**Activity**: Exact copy, no pictures: reproduce the lines from the one that holds "Mosaico+ S.r.l. non" through the end of the entries.

────────────────────

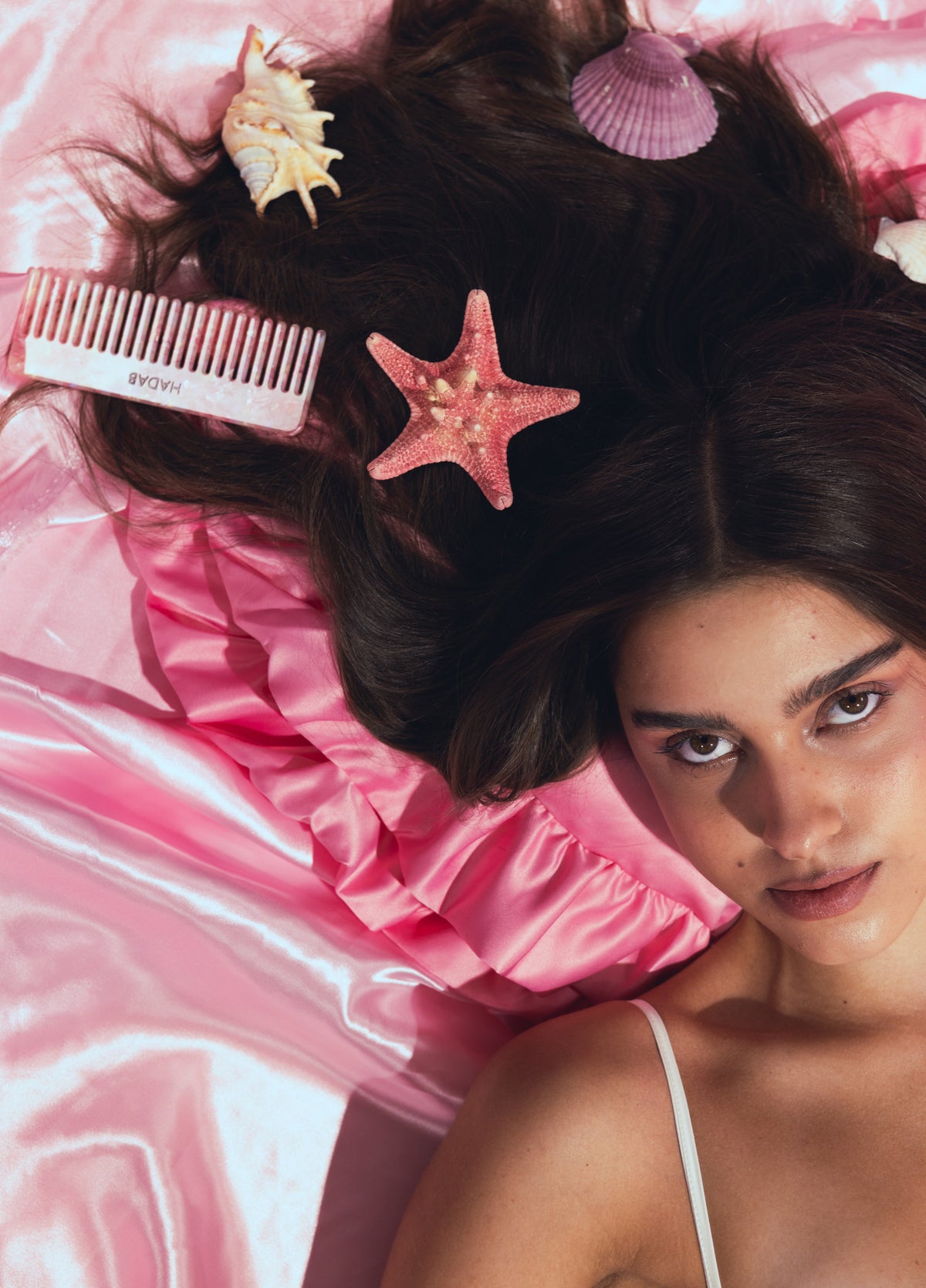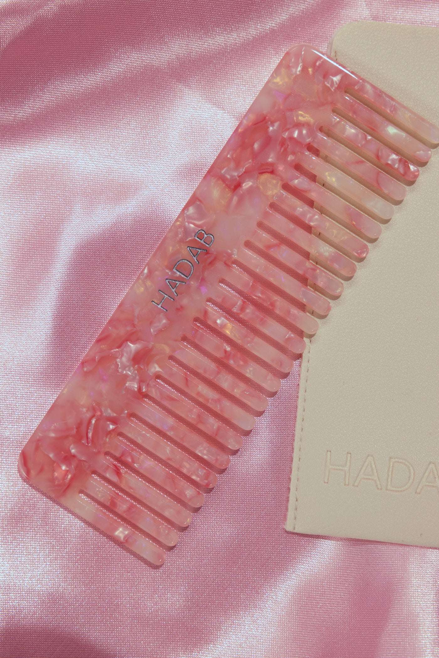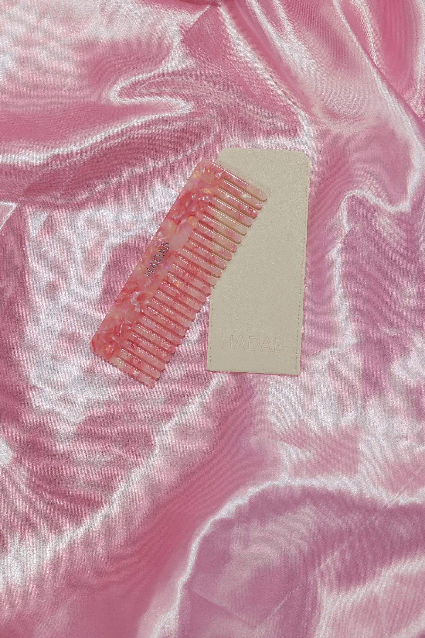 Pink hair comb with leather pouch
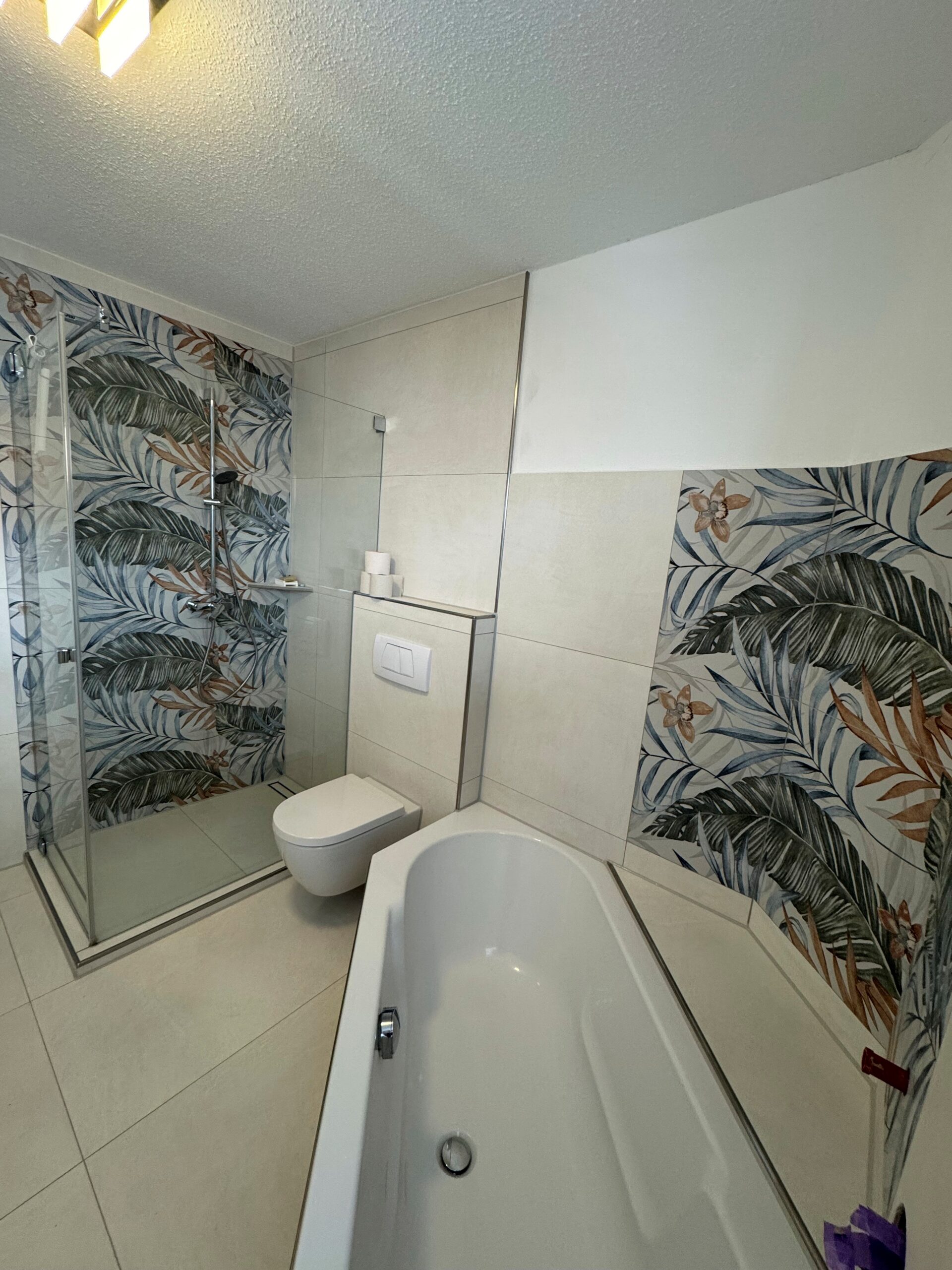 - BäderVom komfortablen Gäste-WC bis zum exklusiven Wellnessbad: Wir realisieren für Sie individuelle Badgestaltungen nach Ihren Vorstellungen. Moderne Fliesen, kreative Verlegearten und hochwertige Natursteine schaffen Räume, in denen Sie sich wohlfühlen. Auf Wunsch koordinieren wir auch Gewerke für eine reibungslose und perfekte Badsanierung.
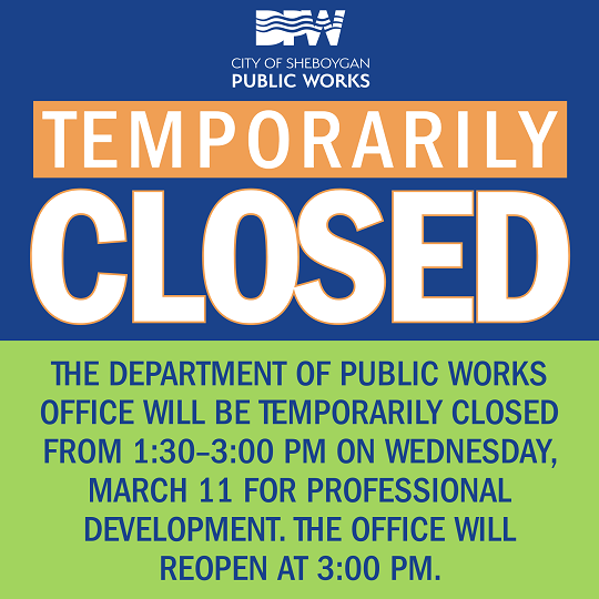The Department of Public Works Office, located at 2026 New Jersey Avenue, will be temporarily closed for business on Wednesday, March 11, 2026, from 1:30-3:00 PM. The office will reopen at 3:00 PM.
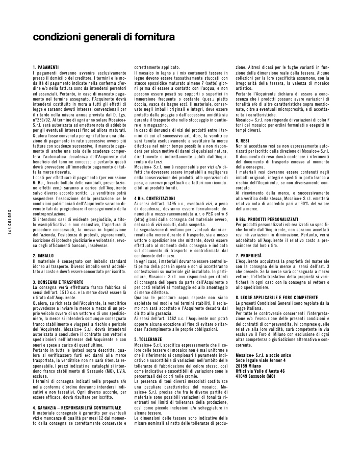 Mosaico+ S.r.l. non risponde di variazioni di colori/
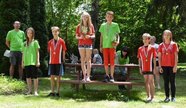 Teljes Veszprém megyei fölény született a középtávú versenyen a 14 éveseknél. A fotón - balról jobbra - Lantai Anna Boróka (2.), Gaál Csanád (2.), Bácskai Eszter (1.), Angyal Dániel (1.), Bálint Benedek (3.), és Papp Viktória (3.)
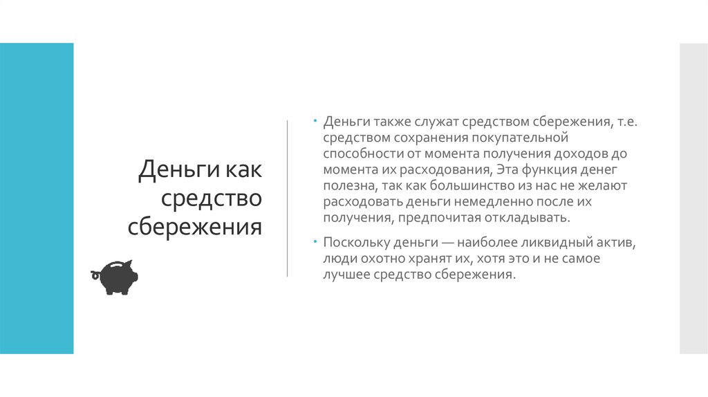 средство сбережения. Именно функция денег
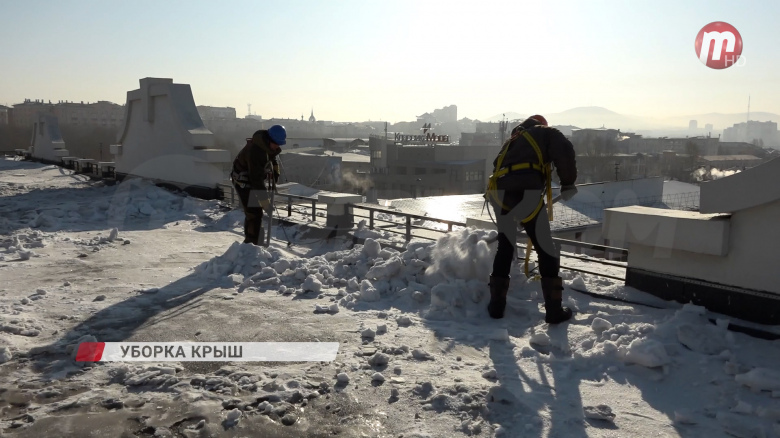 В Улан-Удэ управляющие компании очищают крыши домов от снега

────────────────────

**Completed task**:
 Mosaico+ S.r.l. non risponde di variazioni di colori/
 Teljes Veszprém megyei fölény született a középtávú versenyen a 14 éveseknél. A fotón - balról jobbra - Lantai Anna Boróka (2.), Gaál Csanád (2.), Bácskai Eszter (1.), Angyal Dániel (1.), Bálint Benedek (3.), és Papp Viktória (3.)
 средство сбережения. Именно функция денег
 В Улан-Удэ управляющие компании очищают крыши домов от снега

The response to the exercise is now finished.